*TASK BRIEF*. Output, word for word, each line from the one with "本次机房的UPS电源要求为国" through the end of the listing below, excluding every picture.

*DATA BLOCK*.
☆ ☆ ☆ ☆ ☆

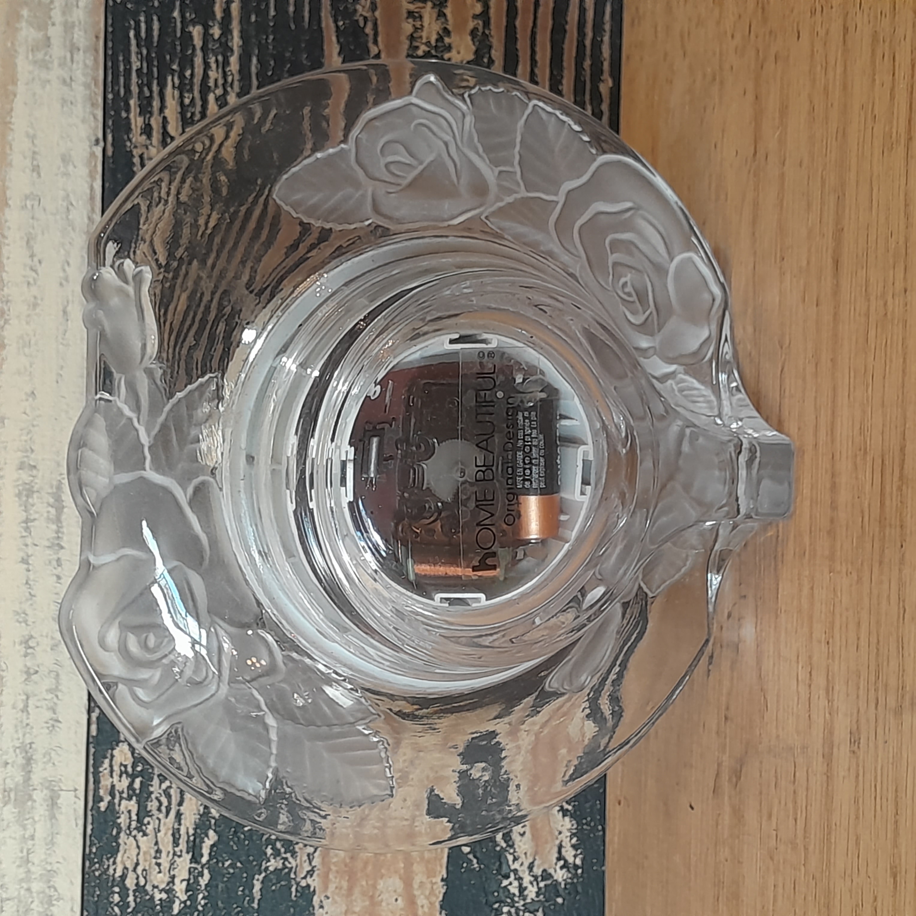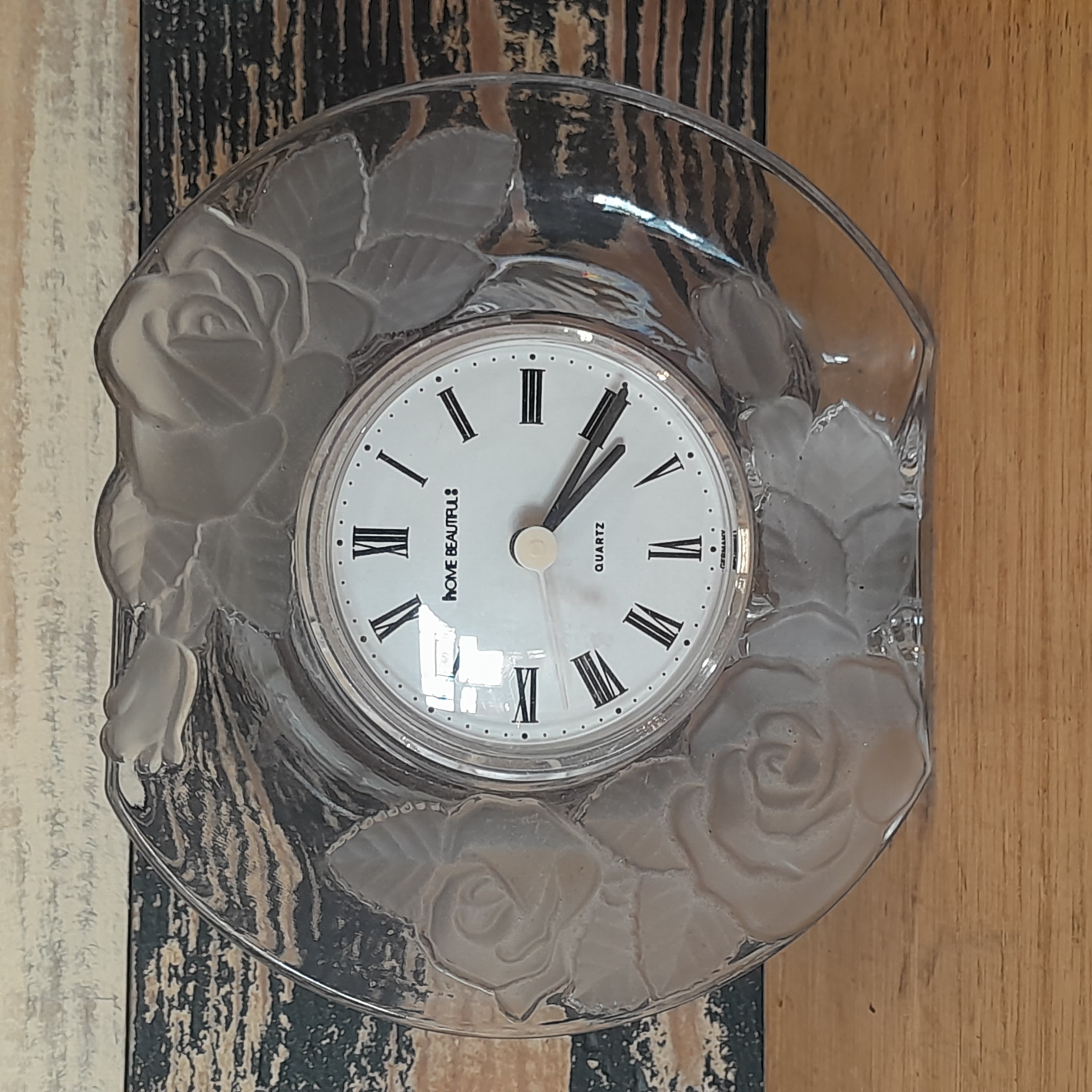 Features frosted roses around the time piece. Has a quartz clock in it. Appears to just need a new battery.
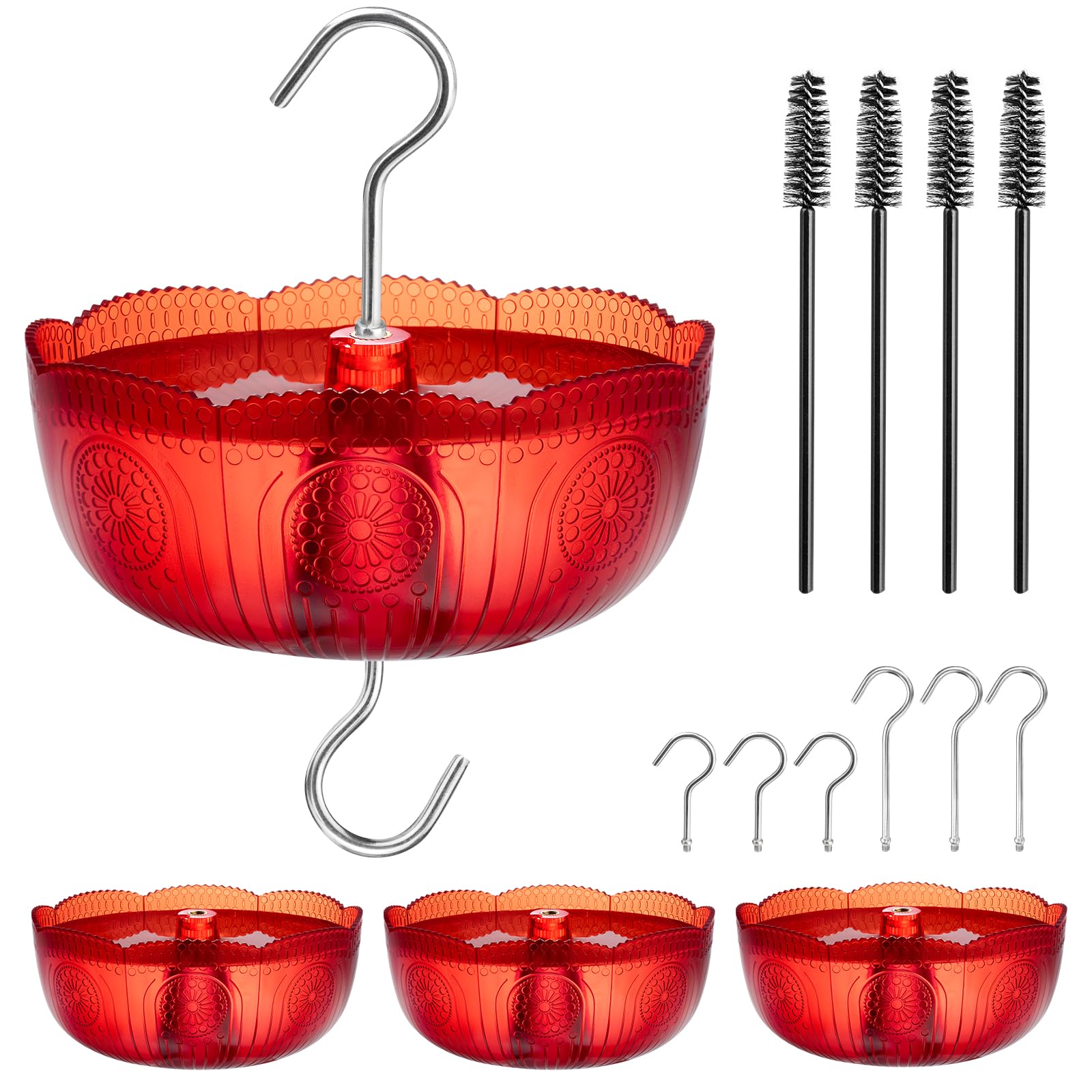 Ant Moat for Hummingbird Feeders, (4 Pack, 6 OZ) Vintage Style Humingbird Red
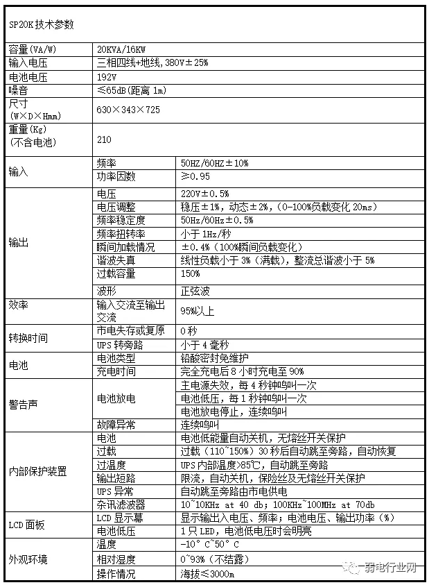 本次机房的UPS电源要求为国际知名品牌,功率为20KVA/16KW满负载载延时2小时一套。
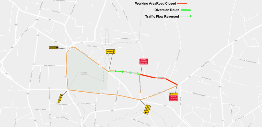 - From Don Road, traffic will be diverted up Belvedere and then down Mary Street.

☆ ☆ ☆ ☆ ☆

*ANSWER AREA*.
 本次机房的UPS电源要求为国际知名品牌,功率为20KVA/16KW满负载载延时2小时一套。
 - From Don Road, traffic will be diverted up Belvedere and then down Mary Street.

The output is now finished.